> [PROMPT]:
The lines from the one holding "Βρήκαμε επίσης αντικείμενα" through the end of the records below are to be written out exactly, and nothing else; pictures are to be left out.

> [DATA TO PROCESS]:
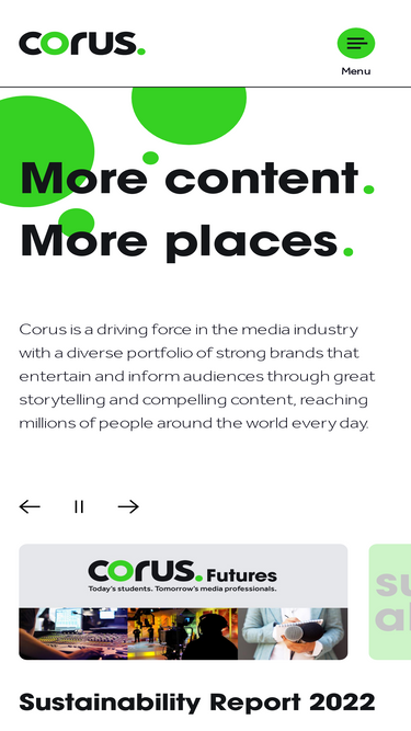 100%Corus is a driving force in the media industry with a diverse portfolio of strong brands that entertain and inform audiences through great storytelling and compelling content, reaching millions of people around the world every day.
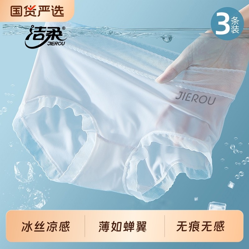 洁柔冰丝无痕内裤女士纯棉抗菌裆夏季薄款性感新款少女生三角短裤
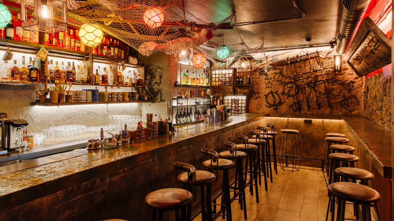 To make the drinks that came out of these and many tiki bars after, you'll need a few simple but important tools. In addition to a shaker, strainer, stirring spoon, and jigger, you'll want a juicer — either a reamer, handheld juicer, or electric juicer if you're mixing drinks for a crowd — and a sharp paring knife and cutting board for those fancy garnishes. And if a frozen drink is calling your name, make sure your blender is plugged in and your ice is cool.
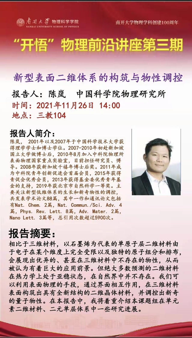 【“开悟”物理前沿讲座(第3 期)】新型表面二维体系的构筑与物性调控
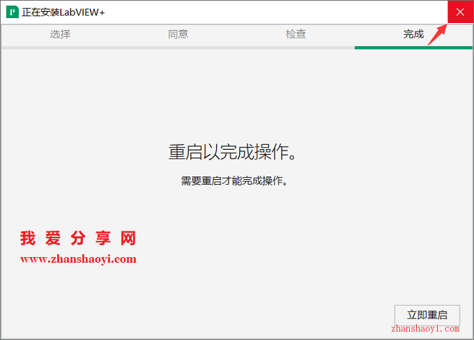 11、安装完成,点击界面右上角【×】关闭,暂不重启电脑;
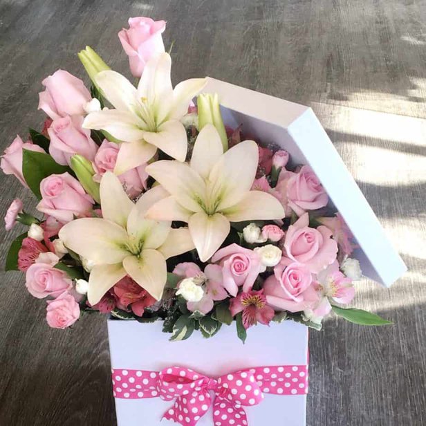 Stunning white lilies, pink roses, miniature dianthus,and peruvian lilies, make up the beautiful box of blooms! A reusable, recyclable, white hat box is used to create this unique presentation. A Big and showy gift for all occasions. Think outside the vase. Box is approximately 8″ square.
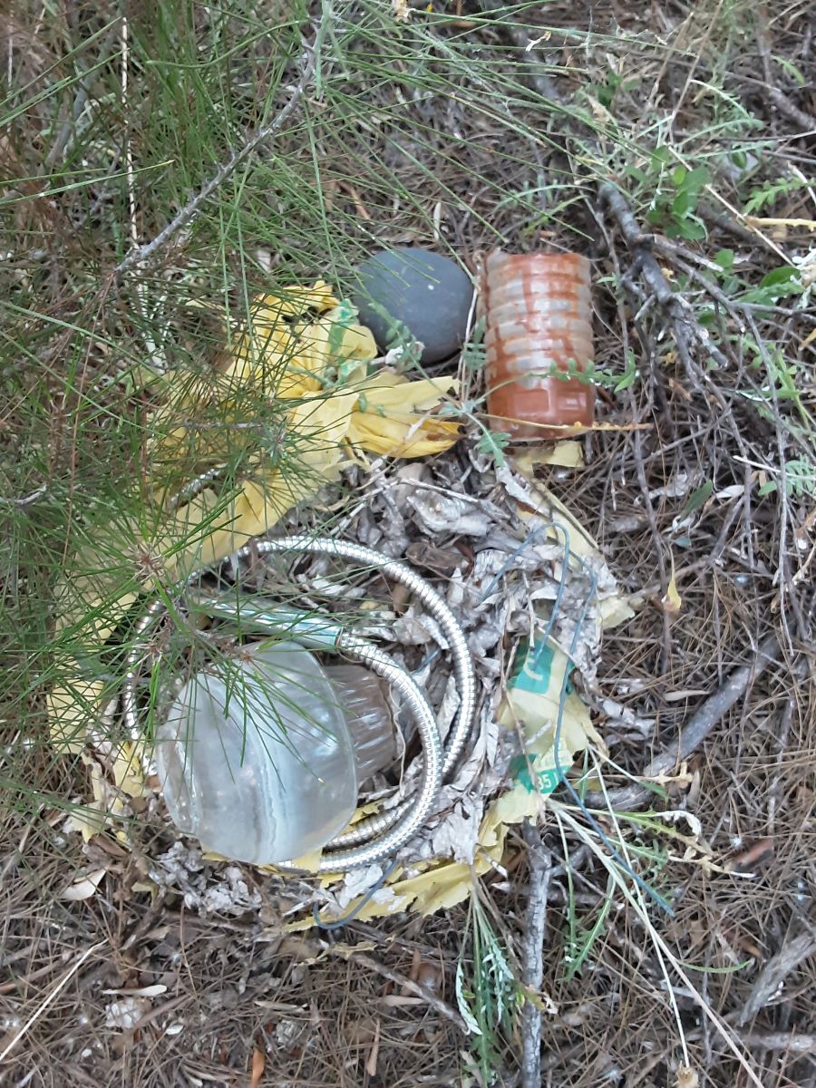 Βρήκαμε επίσης αντικείμενα που κάτω από συγκεκριμένες συνθήκες δύνανται να προκαλέσουν αυτανάφλεξη, όπως ένα γυαλι από φωτιστικό μαζί με σπιραλ από τηλέφωνο ντους και μπουκάλια από αλκοολούχα ποτα με νερό μέσα (φωτ. 5 α,β) σε σημεία που αν πάρει φωτιά εύκολα μπορεί να εξαπλωθεί.
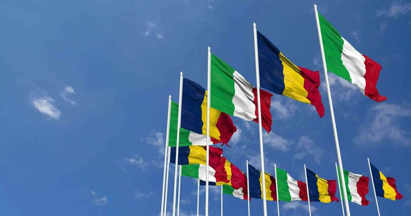 Chad and Italy Flags Waving Together in the Sky, Seamless Loop in Wind, Space on Left Side for Design or Information, 3D Rendering Free Video
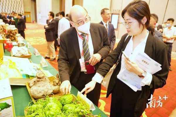 翻譯向華僑介紹江門時令蔬果。
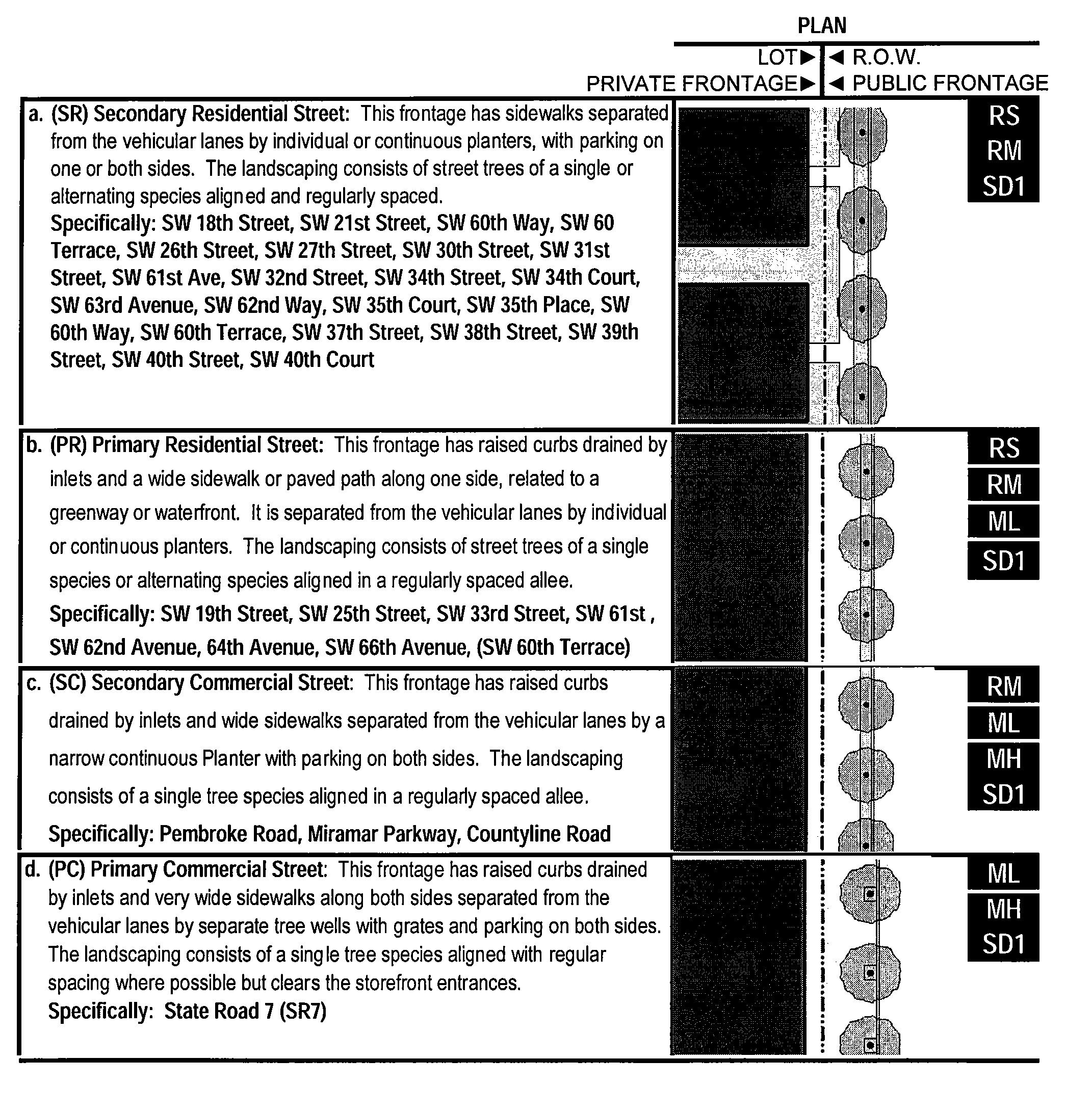 712.3. SR-7 Overlay District Boundaries. The SR-7 Overlay District is bounded by Pembroke Road to the north, SR-7 to the east, County Line Road to the south and SW 62 Avenue to the west. The SR-7 Overlay District contains two sub-districts, the commercially-zoned properties and the remainder of the district or the residentially-zoned properties. Commercial properties fronting on primary and secondary streets within the district may be developed at the minimum front yard and lot area and at the base land use density listed in Table 1. The remainder of the SR-7 Overlay District is constrained to modest density residential use.

> [EXPECTED ANSWER]:
 Βρήκαμε επίσης αντικείμενα που κάτω από συγκεκριμένες συνθήκες δύνανται να προκαλέσουν αυτανάφλεξη, όπως ένα γυαλι από φωτιστικό μαζί με σπιραλ από τηλέφωνο ντους και μπουκάλια από αλκοολούχα ποτα με νερό μέσα (φωτ. 5 α,β) σε σημεία που αν πάρει φωτιά εύκολα μπορεί να εξαπλωθεί.
 Chad and Italy Flags Waving Together in the Sky, Seamless Loop in Wind, Space on Left Side for Design or Information, 3D Rendering Free Video
 翻譯向華僑介紹江門時令蔬果。
 712.3. SR-7 Overlay District Boundaries. The SR-7 Overlay District is bounded by Pembroke Road to the north, SR-7 to the east, County Line Road to the south and SW 62 Avenue to the west. The SR-7 Overlay District contains two sub-districts, the commercially-zoned properties and the remainder of the district or the residentially-zoned properties. Commercial properties fronting on primary and secondary streets within the district may be developed at the minimum front yard and lot area and at the base land use density listed in Table 1. The remainder of the SR-7 Overlay District is constrained to modest density residential use.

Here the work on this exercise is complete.